5. RNA Secondary Structure Prediction. Background. ----------- Many classes of RNA molecules, such as tRNA or ribosomal RNA, fold into particular structures (by bonding between bases within the same strand) which determine their function. Algorithms exist for predicting RNA secondary structures, however most of them are restricted in the type of structure they can predict. In particular, almost all existing RNA structure prediction programmes cannot deal with pseudoknots or multiple, interacting strands. Project. -------- Develop and test a (heuristic) algorithm that can predict RNA secondary structures with pseudoknots.

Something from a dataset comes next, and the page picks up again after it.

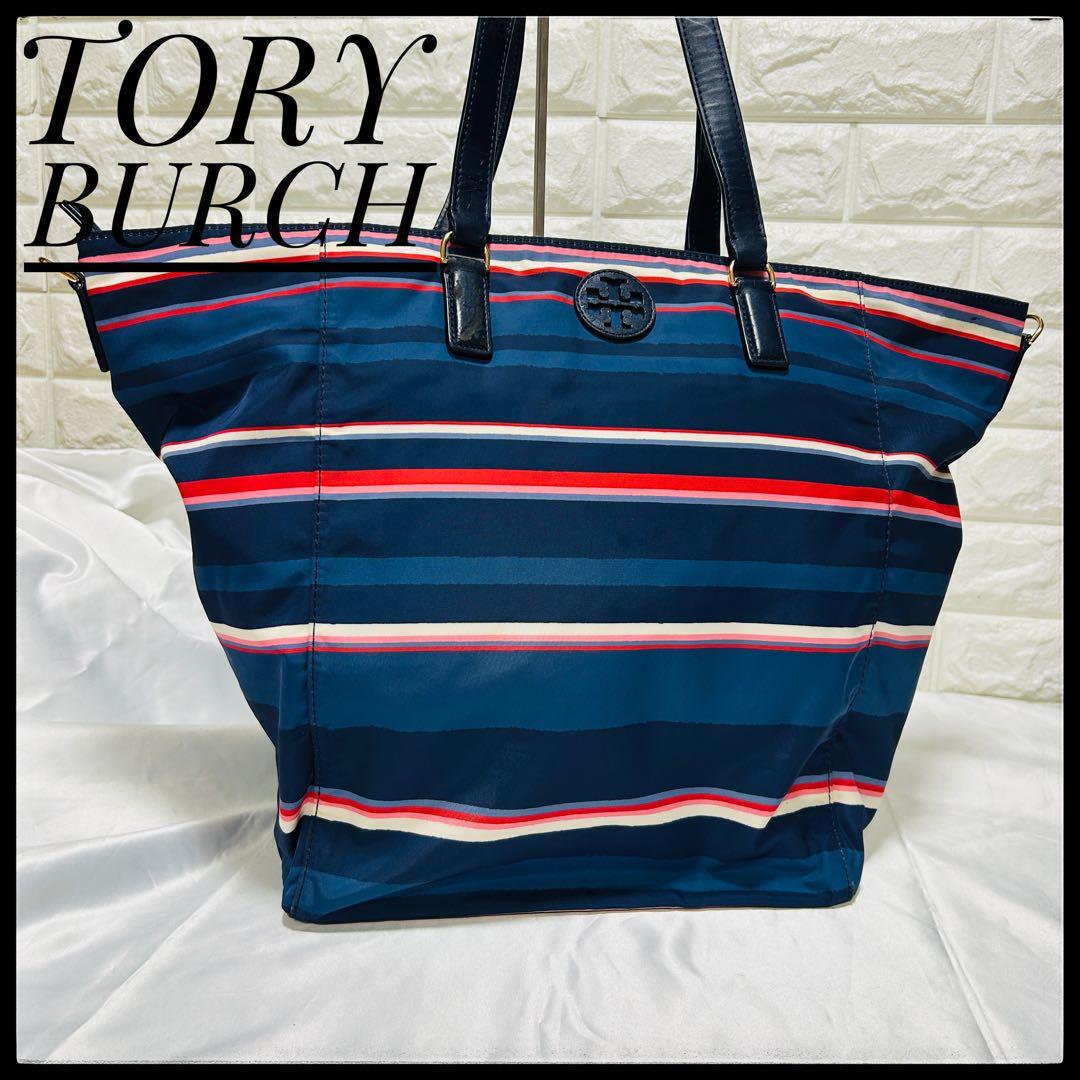 - TORY BURCH トリーバーチ ショルダーバッグ トートバッグ ボーダー 青 ネイビー ブラック 黒 バッグ マザーズバッグ ボーダー カラフル
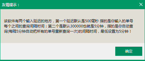 3.右键保存历史查询记录功能是大家所要求的保存历史单号功能,大家点击后会自动保存当前查询的单号信息,下次启动软件会提示你是否导入历史单号4.可以删除历史查询记录(把文件夹中的history.txt给删除掉)5.新增重新查询按键(如果大家查询后想刷新的话,不需要重新输入单号或导入,直接点击即可重新查询)6.增加备注功能,也是应大家的要求(备注功能 需要配合保存历史查询记录功能来使用,添加好各单号的备注后,点击保存历史查询记录,然后下次启动会如果选导入历史单号的话会把备注一起显示出来的)7.增加限制:如果正在查询中的话,软件不允许关闭,因为关闭后会导致线程结束不了。会卡8.增加自动查询功能,可以设置间隔时间,全自动查询!

Since the problem is combinatorially hard, we expect that stochastic local seach techniques might be particularly effective for solving it algorithmically. References. ----------- See notes from ``Algorithms in Molecular Biology'' (Karp and Ruzzo, U. Washington, 1998) for RNA secondary structure prediction. (http://www.cs.washington.edu/education/courses/590bi/98w/) M. Zuker and P. Stielger, ``Optimal computer folding of large RNA sequences usin g thermodynamics and auxiliary information,'' Nucleic Acids Res 9,(1981), pages 133-148. M. Zuker, ``Algorithms, thermodynamics, and databases for RNA secondary structur e.'' 6 September 2000. http://www.ibc.wustl.edu/\~zuker/rna/. M. Zuker: RNA Folding by Energy Minimization. http://bioinfo.math.rpi.edu/~zukerm/Bio-5495/RNAfold-html/node3.html I. Hofacker: Vienna RNA Package. http://www.tbi.univie.ac.at/~ivo/RNA/
6. Multiple digestion restriction site mapping. Background. ----------- A fairly old but still relevant method for mapping genomes is to do multiple digests with different restriction enzymes (single enzymes and combinations) and inferring the position of the restriction sites from the fragments obtained from these reactions. This is a hard combinatorial problem, and various approaches have been tried for it. Project. -------- Implement a few known techniques for solving this problem, try to improve them with modern heuristic techniques, and do a comparative analysis of their performance on real genomic data. References. ----------- Andrew Kwon: Restriction Enzyme Mapping. CPSC 502 Project Report, University of BC, 2000. (Contains lots of further references.) Goldstein, Waterman: Mapping DNA by stochastic relaxation. Advances in Applied Mathematics, Vol. 8, pp.194-207, 1997. Grigorjev, Mironov: Mapping DNA by stochastic relaxation: a new approach to fragment sizes. Computer Applications in Biosciences, Vol.6, pp.107-111, 1990. R.M.Karp: Mapping the Genome: Some Combinatorial Problems Arising in Molecular Biology. 25th ACM STOC, pp.278-285, 1993.